There are even misleading statements from State leaders claiming that this application is an attempt by Petronas or the Pakatan Harapan federal government to ‘steal more if not all’ of our oil & gas resources, depriving the State further in order to pay for loss of revenues due to the abolishment of GST or for whatever other reasons.
Technically, due to the PDA 1974 that was passed in parliament with the full consent of the Sarawak leaders, such full ownership has always belonged to Petronas since 1974 pursuant to Section 2(1) of the Act.
Under S.2(1), this provision stated that, “The entire ownership in, and exclusive rights, powers, liberties and privileges of exploring, exploiting, winning and obtaining petroleum whether it is onshore or offshore of Malaysia shall be vested in a Corporation to be incorporated under the Companies Act 1965 or under the law relating to incorporation of companies”
So, they are not demanding anything new, nor trying to ‘steal more’ or even taking away whatever royalty that is been given now. They are just seeking legal clarification over the matter. Such application would have likely happened even if the federal government was still under Barisan Nasional due to Abang Jo’s claims to assert their licensing rights.
Again, I would like to reiterate that I am in no way defending the actions of PETRONAS, but any denial of the legal implications of the claims by our State government is just an attempt to bury our heads in the sand or to continue to deceive the people of Sarawak. Even if Petronas did not initiate such claims, it doesn’t change the fact of the existence of the PDA 1974 as it has yet to be declared by a court of law to be null and void or amended or repealed in Parliament.
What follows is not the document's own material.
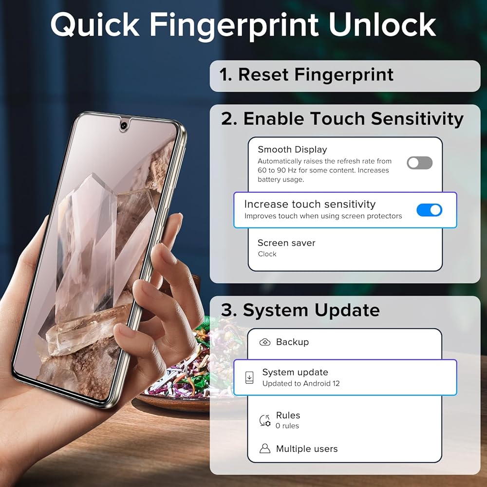 • يتميز واقي الشاشة iVoler المقوى بطبقة مضادة لبصمات الأصابع تحافظ على شاشتك خالية من بصمات الأصابع واللطخات الزيتية وضد العرق. واقي الشاشة الخاص بنا مقاوم للماء وخالي من الغبار، وسهل التنظيف ودون إزعاج استخدامك اليومي.

No public declaration by anyone no matter the position can reverse a law that was consented and passed.
That’s why we should not adopt a ‘victim mentality’ in dealing with the clarification application by Petronas on the PDA1974. When we are confident with our rights, we should be confident that we now have a platform to prove our claims with proper legal authority, and not act as if we are being bullied or being attacked.
We now have the platform for the state government to prove that it has not been making blind assertions in saying that despite the above two legislations, the ownership of our oil and gas resources still belongs to the state including pushing forward arguments including such as the The PDA 1974 was enacted under an emergency law and it has never got endorsement and approval from DUN or cabinet.